Nfld. & Labrador

Ottawa should scrap 'last in, first out' policy, say fishermen

Newfoundland and Labrador politicians and fishermen were in Gander today, to call on Ottawa to scrap a northern shrimp fishery policy known as 'LIFO'.
Newfoundland and Labrador fishermen want the Canadian government to scrap a policy that protects fishing licences for those who held them the longest, meaning inshore fishers are first to go when quotas are cut. (CBC)

Politicians from all Newfoundland and Labrador political parties and local fishermen want the federal government to get rid of a policy known as "last in, first out."

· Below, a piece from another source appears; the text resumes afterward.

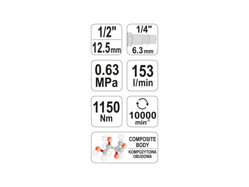 YATO pneumatikus kulcs 1/2" 1150 Nm.

Fishermen from across the province were in Gander Wednesday to protest the policy, which they say makes fishing harder for local harvesters, by signing a letter to send to Ottawa.

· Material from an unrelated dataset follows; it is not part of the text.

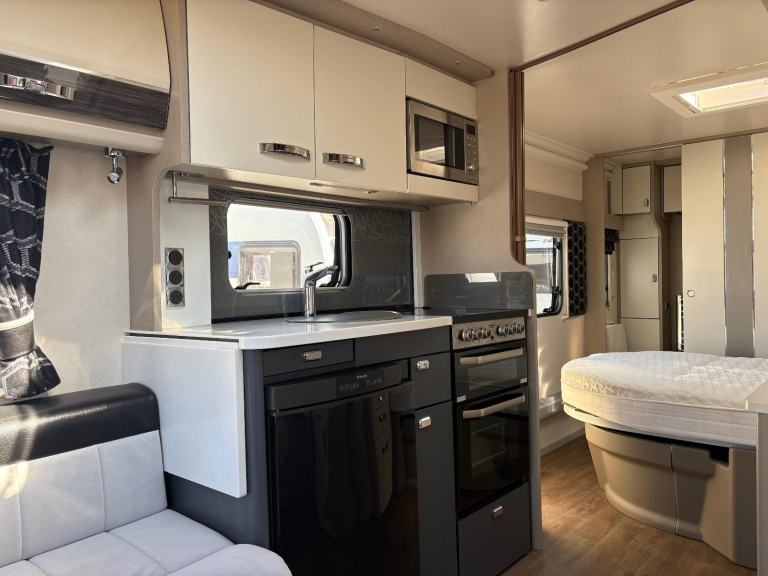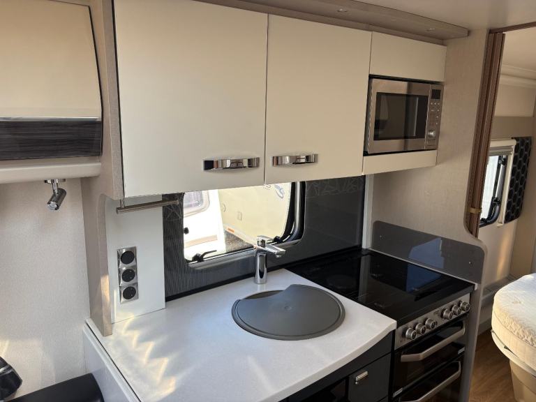 HOT/COLD WATER, LARGE FRIDGE/FREEZER, 240V ELECTRICS, HOB/GRILL, OVEN, MICROWAVE ALDE CENTRAL HEATING, FLYSCREENS/BLINDS,TV AERIEL, SKYLIGHT, ALKO STABILISER HITCH,ALKO ATC, MOTORMOVER

The federal policy on northern shrimp is commonly referred to as 'LIFO,' and aims to protect fishing licences for those who have held them the longest.

When quotas are cut, small inshore boats are hit the hardest because they were last to enter the fishery.

FFAW President Keith Sullivan, speaking with Liberal Leader Dwight Ball on Wednesday, says cutting inshore fishermen is unfair. (CBC)
Fish, Food and Allied Workers Union President Keith Sullivan says it's an unfair policy.

"Last year the inshore took 26 per cent cut. The offshore? Just five per cent — and that's not right," Sullivan said.

Robert Keenan, who did a report on the northern shrimp fishery for the FFAW and Unifor, said the policy doesn't work.

"The other thing we discovered is that 'LIFO' is really unnecessary and it's completely illogical. We're not boxes in a warehouse," he said,

Twillingate Mayor Gordon Noseworthy said the solution is an easy one.

Noseworthy, who's fishing area is in zone six, said Ottawa should scrap the 'last in, first out' policy and honour adjacency instead.

"All we're asking to do with adjacency is, 'give us everything in six — it's right along where we're fishing,'" he said.

While people attending the rally supported Noseworthy's words, no one representing the federal government attended.

Federal Fisheries Minister Gail Shea was invited, but did not attend.